What the task asks - Your copy should begin with the line containing "Color Changing Function: 8", end with the line containing "(Navy Blue/ Beige)", match the listing below exactly, and contain no pictures.

Available data -
* * *
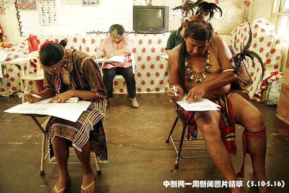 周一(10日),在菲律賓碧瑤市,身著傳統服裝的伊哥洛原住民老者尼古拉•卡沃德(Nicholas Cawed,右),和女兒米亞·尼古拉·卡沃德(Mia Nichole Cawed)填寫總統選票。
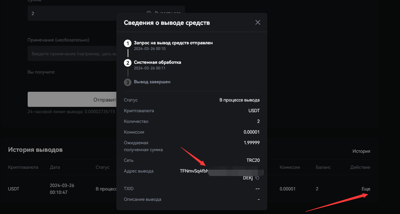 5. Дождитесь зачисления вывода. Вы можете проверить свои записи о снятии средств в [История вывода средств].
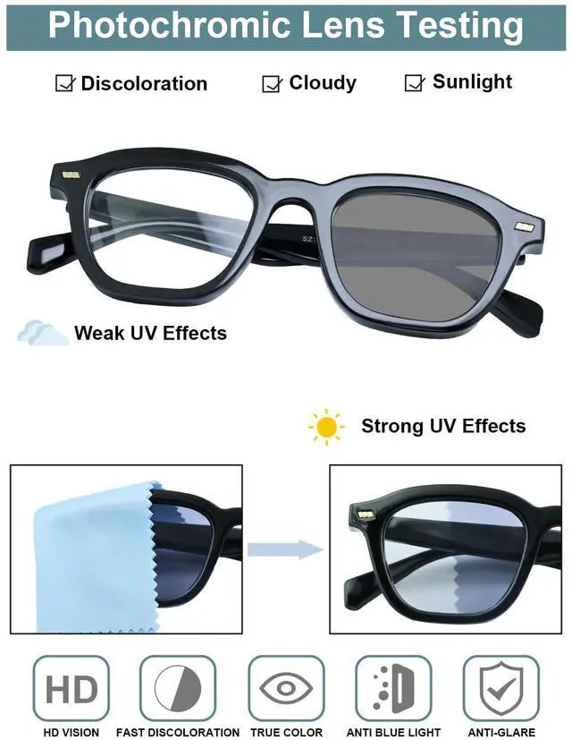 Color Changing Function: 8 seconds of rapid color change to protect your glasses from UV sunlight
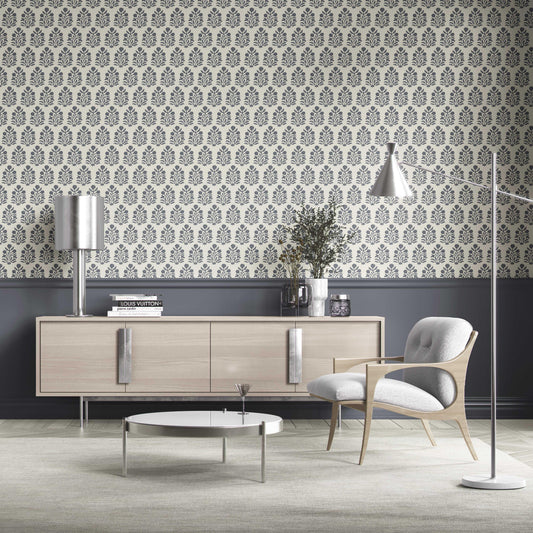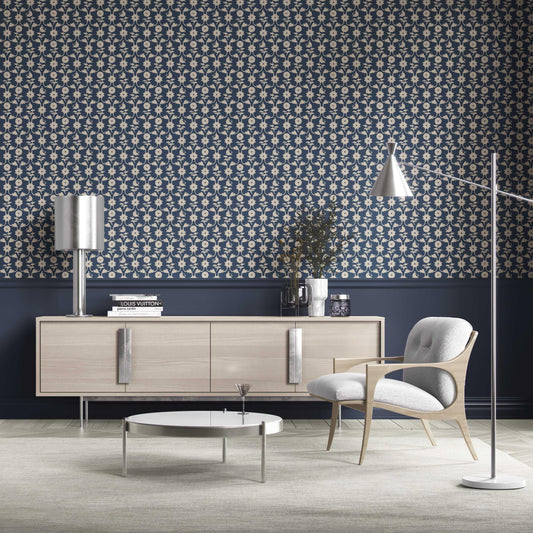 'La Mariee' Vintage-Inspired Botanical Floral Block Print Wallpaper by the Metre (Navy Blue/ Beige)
* * *
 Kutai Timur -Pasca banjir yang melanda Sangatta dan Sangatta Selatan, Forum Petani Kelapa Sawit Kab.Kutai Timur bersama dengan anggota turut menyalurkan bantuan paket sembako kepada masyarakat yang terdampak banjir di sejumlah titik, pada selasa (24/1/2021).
* * *
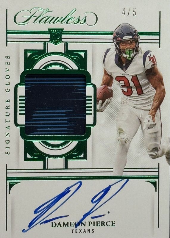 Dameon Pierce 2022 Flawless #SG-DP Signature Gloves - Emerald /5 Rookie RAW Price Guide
* * *
Answer space -
 Color Changing Function: 8 seconds of rapid color change to protect your glasses from UV sunlight
 'La Mariee' Vintage-Inspired Botanical Floral Block Print Wallpaper by the Metre (Navy Blue/ Beige)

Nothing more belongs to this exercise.